In the mid-1980s, when Frieda’s Inc. had established itself as an industry leader, she told The Times that her success was due to the health and fitness craze of the time, medical reports stating that eating more fresh produce showed a lower cancer rate, and a spurt of restaurants specializing in fresh and exotic foods.
Before long she was supplying produce to stores like Vons, Ralphs, Trader Joe’s, Bristol Farms and Whole Foods.
The media had long ago taken notice of her, and had been following her rocketing career.
The Times in 1990 listed Caplan as one of a dozen Californians — including Steve Jobs and Jane Fonda — who shaped American businesses in the 1980s.
“You gotta hand it to her,” said an admirer to The Times in 1972. “She made something from nothing.
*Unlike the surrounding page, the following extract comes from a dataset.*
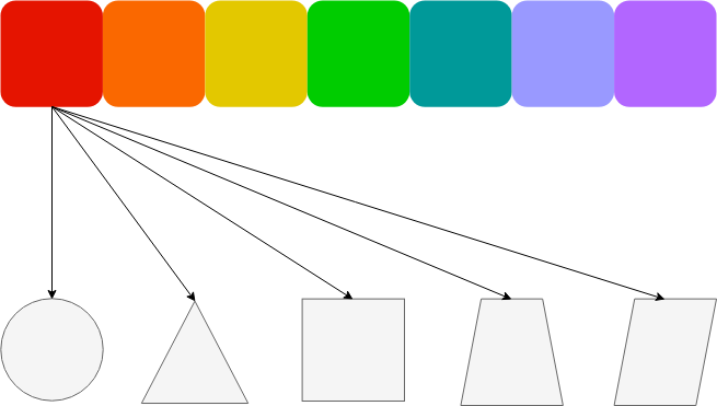 注意,上图只画出了红色和形状的组合,其他颜色亦是如此,其中7种颜色以及5种形状的组合就达到了35种,而此处我们只需要7+5个类便可以实现。试想如果有更多的颜色和形状,且没有这种松散分离的结构要多少个类来实现?那将会是一场噩梦。有没有发现这就是笛卡儿积的组合,来看我们的代码中的两个集合:

There isn’t a produce man in the market who doesn’t take his hat off to her.”
And throughout her long, fruitful life and career, others took their hats off to her, too.
Her many accolades included an honorary degree of Doctor of Humane Letters from Cal Poly San Luis Obispo; a Lifetime Achievement Award from United Fresh Produce Assn.; a Legacy Award from National Assn. of Women Business Owners; received the first Working Woman’s magazine’s first Harriet Alger Award for Entrepreneurship; and was the first woman to receive The Packer newspaper’s “Produce Man of the Year” in the 1970s, which she rejected until it was renamed “The Produce Marketer of the Year.”
By 2018, Frieda’s, Inc. had boomed into a $50-million-plus business with 75 full-time and 110 part-time employees, an 81,000-square-foot warehouse in Los Alamitos and customers from across the world.
Until recently, Caplan still showed up to work. Cane in hand, always donning purple, she filed invoices and kept a keen eye on the next big product, leaving her daughters Karen and Jackie to run the business.
“She works like someone is keeping time on her,” her granddaughter and the company’s sales manager Alex Berkley once said.
But despite all her innovations and accomplishments, her accolades and title as “the marketing genius who galvanized the California farm industry and almost singlehandedly created fruit and vegetable trends,” as many described her, there’s one thing Caplan didn’t do: She never learned how to cook.